Amandine CADIAU, en poste jusqu’ici à la King Abdullah University of Science and Technology (Arabie Saoudite), intègre l’UMR ICGM (UM-CNRS-ENSCM) le projet  APPAT : Purification de l’air par de nouveaux absorbants hybrides dans le cadre du programme prioritaire de recherche sur la lutte contre le changement climatique MOPGA.  Le projet a été officiellement lancé le 15 avril dernier.

Précédemment chercheuse à la King Abdullah University of Science and Technology, Arabie Saoudite (depuis septembre 2013), Amandine CADIAU est spécialiste de la synthèse et caractérisation de matériaux innovants de type MOFs (metallic organic framework).

Elle a soutenu sa thèse de doctorat au Mans (2010), puis a exercé en tant que post-doctorante successivement à la Technische Universität, Dresden (Allemagne), à l’Université d’Aveiro (Portugal) et à l’Institut Lavoisier de Versailles (France). En Arabie saoudite elle a notamment travaillé sur un projet financé par ARAMCO (compagnie nationale saoudienne d’hydrocarbures), visant à utiliser ces nouveaux matériaux poreux pour leurs propriétés sur la purification du gaz naturel, avant de lancer un projet en collaboration avec la prestigieuse Université GeorgiaTech.

  • 22 publications
  • 4 brevets :
    • Adsorbants comprenant des matériaux hybrides organique-inorganique nano poreux pour la sorption de l’eau ;
    • Plates-formes métalliques organiques absorbantes pour l’élimination du CO2 et du H2S du gaz naturel ;
    • Armatures métalliques organiques Ni-M F6-H2O/Onpyrazine2(solvant)x très stables et méthodes d’utilisation ;
    • Charpentes métalliques organiques très stables

En juin 2009, elle a obtenu le 2ème prix de communication de l’Ecole doctorale Matière, Molécules et Matériaux (Angers, France) et en novembre 2011, le « Prix de thèse, mention Chimie » de l’Association Française de Cristallographie.

Le programme MOPGA, lancé par le Président de la République en 2017, récompense des projets de très haut niveau scientifique touchant des sujets liés aux changements climatiques et planétaires (climat, énergie, sciences de la Terre et de l’environnement…).
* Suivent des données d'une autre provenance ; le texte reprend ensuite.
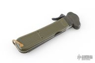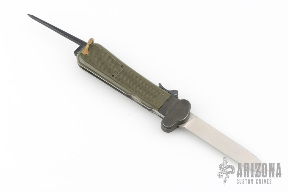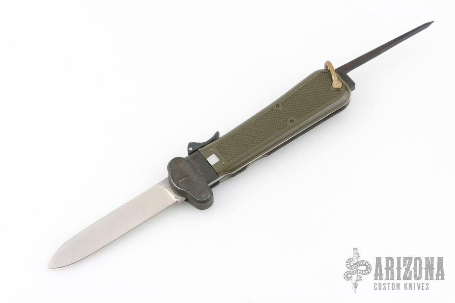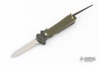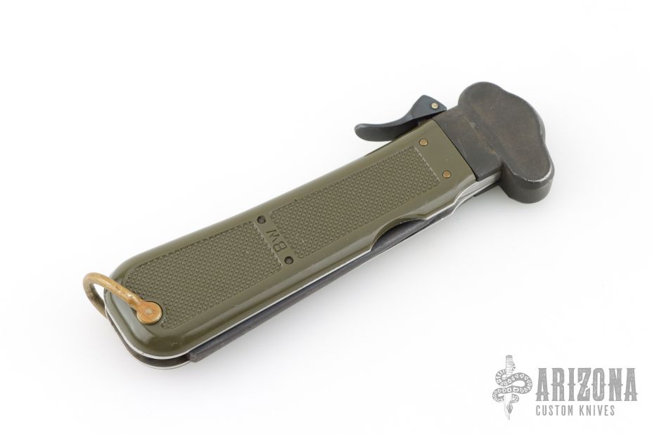 This knife features a satin finished blade. Blade deploys with gravity. The handle is black/green plastic. Has scuffs and scratches, great overall condition.

Il s’adresse à des chercheurs ne résidant pas sur le territoire national, désirant développer leur projet de recherche en France, en collaboration avec des partenaires français.

Outre l’apport des tutelles et le soutien de la région Occitanie qui intervient à hauteur de 50% de l’engagement de l’Etat sur les projets labélisés MOPGA, le projet bénéficiera d’un financement de l’I-SITE MUSE pour le recrutement d’Abdelali Aki en contrat de post-doctorat d’un an à partir de septembre 2019.